The conclusion of an employment contract must be recorded in writing. Previously, when the economy was centralized, there was no need for this. Only fixed-term contracts containing a list of benefits for employees were then concluded in writing. A centralized order made it virtually impossible to change any terms of the agreement.
The conclusion of an employment contract only on paper was introduced in 1992 by the law of the Russian Federation. This is due to the processes taking place in the country. The fact is that with the establishment of working conditions, from now on the regulation of relations between the employer and the subordinate through agreements has become prevailing. The general procedure for concluding an employment contract requires the preparation of two copies of the document. Both sides sign both copies. After that, one copy is kept by the employer, and the second is handed over to the employee. The document that remains in the personnel department must have the signature of a subordinate confirming that he also received the same agreement.
The conclusion of an employment contract on paper makes it specific, specific. And if a dispute suddenly arises, then this form of agreement will help resolve it as soon as possible.
The employer must take care of how to draw up an employment contract and when to do it. The subordinate should not suffer as a result of failure by the authorities to fulfill this obligation. The fact that an employment contract exists is not proved by its form, but by the existence of an employment relationship. If the representative of the employer or he himself instructed the subordinate to start work, the agreement is considered concluded, despite the fact that it has not yet been drawn up. And at the same time, such a step does not exempt the head from the written execution of the contract. The Labor Code even indicates the time frame within which it must have time to do this: only three days from the moment the subordinate is allowed to work.
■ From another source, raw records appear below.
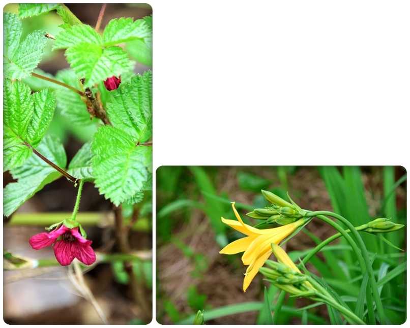 左 : ​ベニバナイチゴ​    右 : ​ニッコウキスゲ​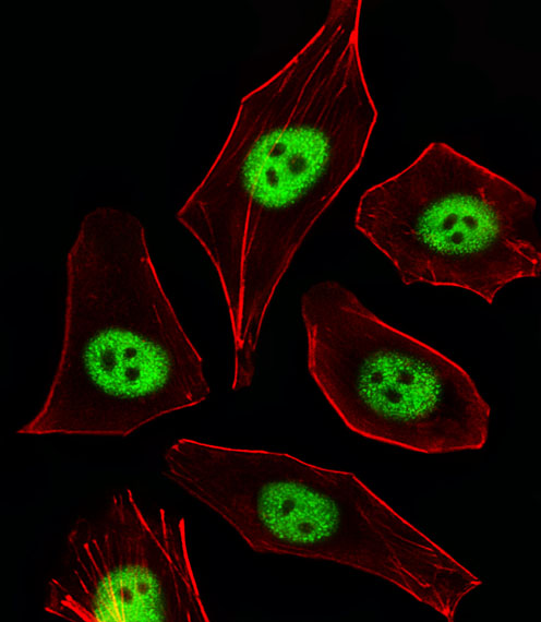 Fluorescent image of A549 cells stained with CDKN1A Antibody (C-term)( APR04643G). APR04643G was diluted at 1:25 dilution. An Alexa Fluor 488-conjugated goat anti-rabbit lgG at 1:400 dilution was used as the secondary antibody (green). Cytoplasmic actin was counterstained with Alexa Fluor? 555 conjugated with Phalloidin (red). Cytoplasm |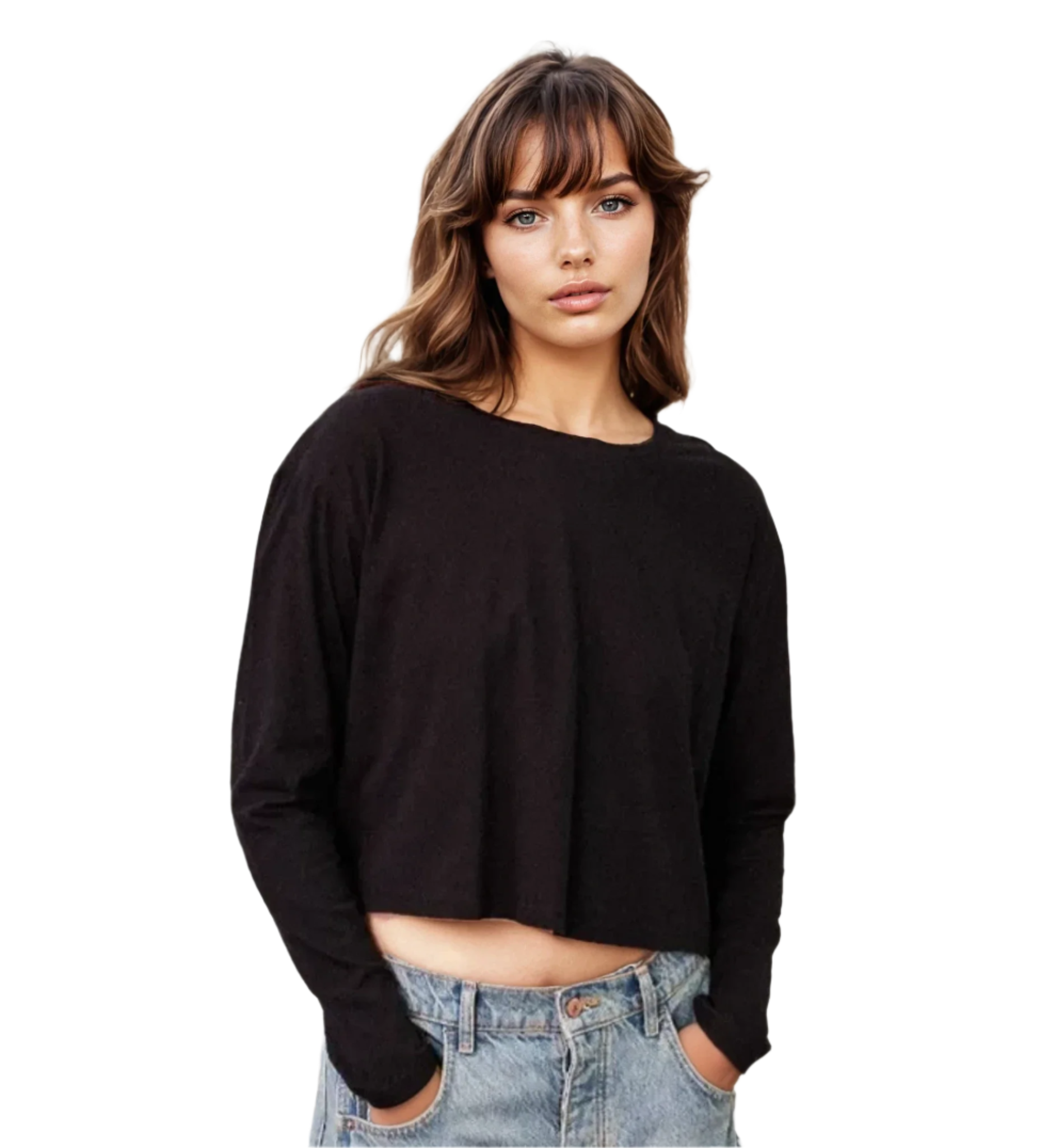 The essential long sleeve to grab in every color. Relaxed fit and super soft feel. Hits right at the waist for a perfect fit with jeans or leggings. 100% supima cotton cloud jersey.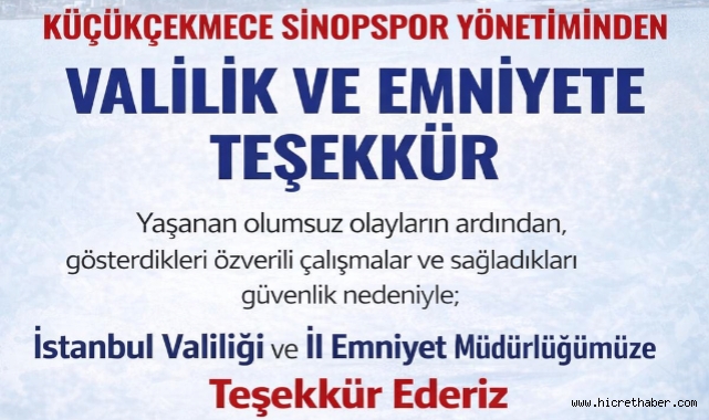 Bölgesel Amatör Lig’de mücadele eden Küçükçekmece Sinopspor, Çorluspor 1947 ile oynanan karşılaşmanın ardından kamuoyuna önemli bir teşekkür mesajı yayımladı. Kulüp Başkanı Rafet Orhan imzasıyla yapılan açıklamada, maç öncesi, maç esnası ve sonrasında takımın güvenliğini sağlayan emniyet güçlerine teşekkür edildi.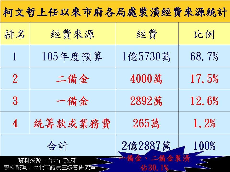 台北市長柯文哲上任以來,動用2.28億元裝潢局處辦公室,但國民黨議員王鴻薇調閱資料發現,其中有高達3成預算直接使用一備金、二備金,藉此迴避議會監督。她質疑,一、二備金員是為了因應緊急政務需求編列,卻變成裝潢費,且今年8月蘇迪勒颱風就讓市府花費近7億善後,今年若還有災害,市府如何因應?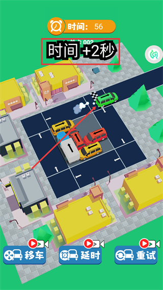 3、移動(dòng)車輛到達(dá)指定區(qū)域后,會(huì)觸發(fā)【時(shí)間+2秒】的增益效果,延長(zhǎng)關(guān)卡倒計(jì)時(shí),助力更充裕地完成移車操作。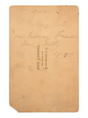 Cabinet photograph on cardstock mount of "Walking Shooter," as identified in lower margin. With verso notation, "Oncpapa [sic], Walking Shooter, Our Indian Friends, Fort Sully, 1870."
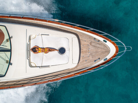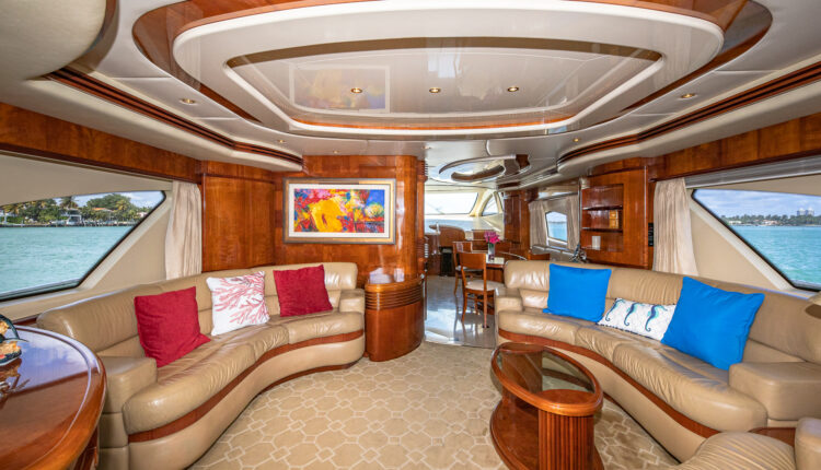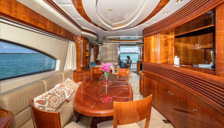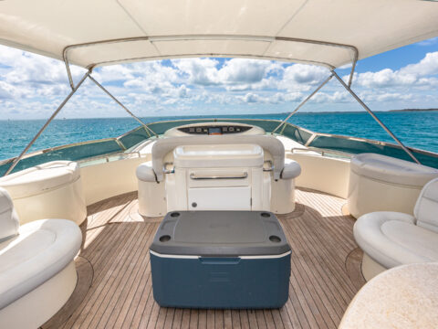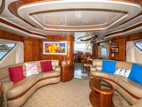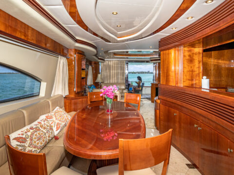 The Azimut 80’s salon is elegantly designed with large windows that provide panoramic views of the surrounding waters, creating a bright and inviting atmosphere. It features a comfortable seating area, a dining table for entertaining, and a fully-equipped galley with modern appliances for gourmet dining onboard.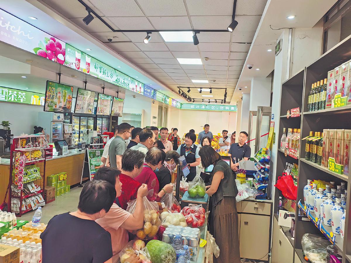 开封邮政严选优质农产品,带动社区团购店销售火爆。□赵新峰 摄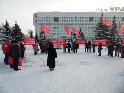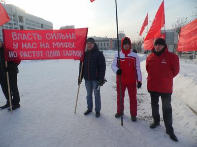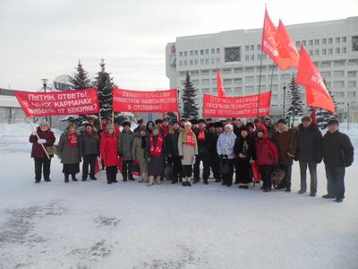 Невзирая на морозную погоду, митингующие подняли флаги КПРФ и развернули транспаранты с яркими и броскими лозунгами: «Работу! Зарплату! Уверенность в завтрашнем дне!», «Право на труд = право на жизнь!», «Путин, ответь! В чьих карманах прибыль от бензина?», «Отечественная промышленность – залог безопасности страны!», «Капиталисты нас достали! Приходи товарищ Сталин!», «Прогрессивный налог на роскошь – залог снижения цен и тарифов!», «Наш курс – труд! Народовластие! Социализм!», «Цены и тарифы под контроль государства!», «Правительство министров-капиталистов в отставку!».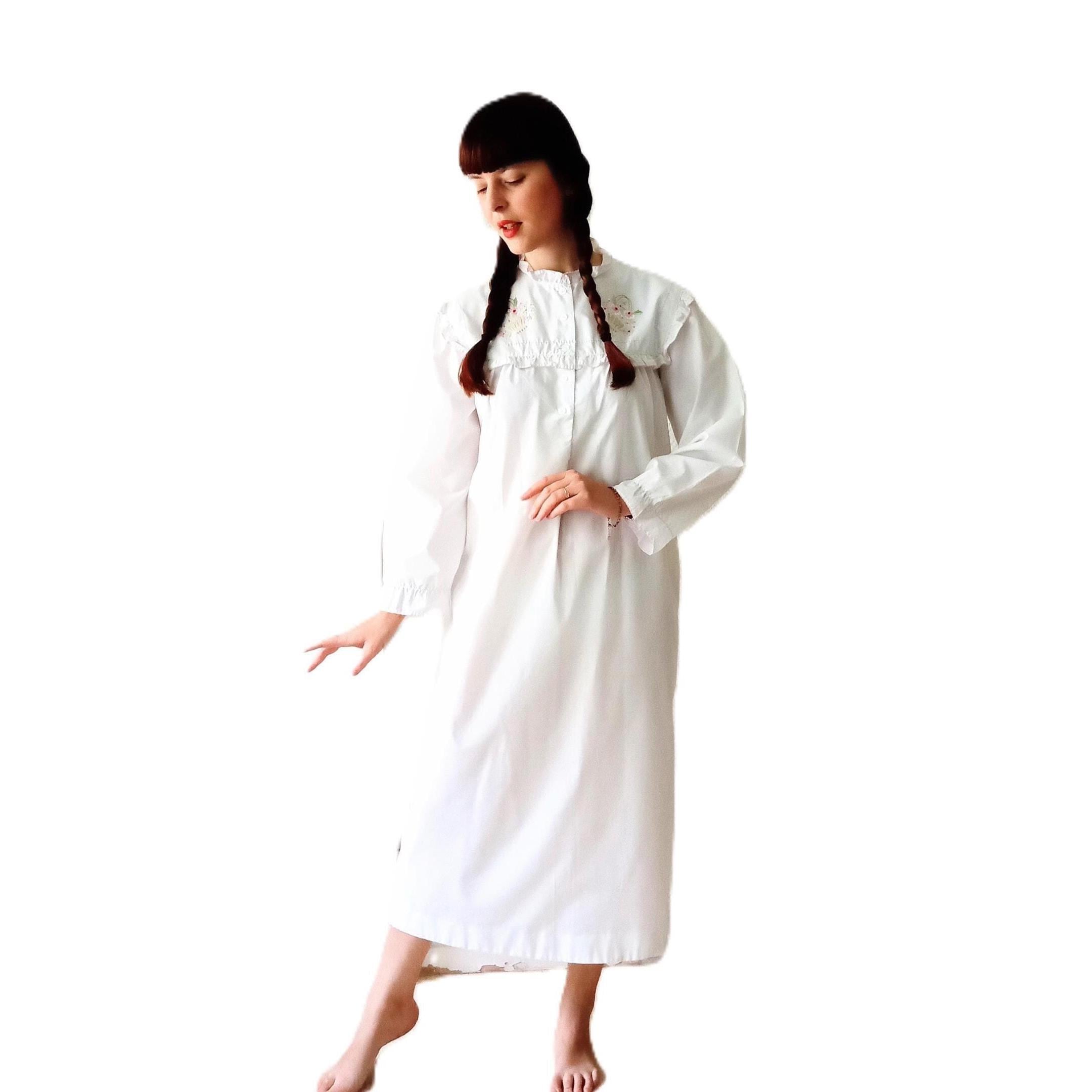 Longue Chemise de Nuit Brodée Vintage - Années 70 - Esprit Rétro Cottage et Victorien - M/L (38/40)

In the case of the signing of employment contracts with certain categories of the population, the law provides for additional coordination of conditions with persons or bodies that are not employers for this document. For example, an agreement concluded between a representative of the executive branch and the head of a state-owned enterprise must be agreed with and approved by the Ministry of Property Relations.
The conclusion of an employment contract automatically gives both parties obligations and rights. If the subordinate did not start work at the right time, the employer has the right to cancel the document. To do this, he must issue an order having the appropriate content.
If an insured event has occurred from the day the contract was concluded and inclusive until the day it is completely canceled, this employee has the same right to receive social insurance benefits as everyone else.
In modern market conditions, there is a need for labor law to fulfill a protective function. This is especially true for the employment of certain categories of citizens. There must be some warranties for them. This protective function consists in the fact that the employer does not have the right to unreasonably refuse to conclude an employment agreement. He must state the reason for the refusal in writing, and the employee can appeal to the court with a request to appeal this decision.
The right and the opportunity to conclude a labor agreement is confirmed by constitutional guarantees that allow everyone to independently choose their occupation, profession, type of activity in the future, and manage their inclinations and abilities at their own discretion. These opportunities are the same for all citizens of the Russian Federation. At the same time, the employer has the right to choose such subordinates whose education and skills would correspond to the work entrusted to them.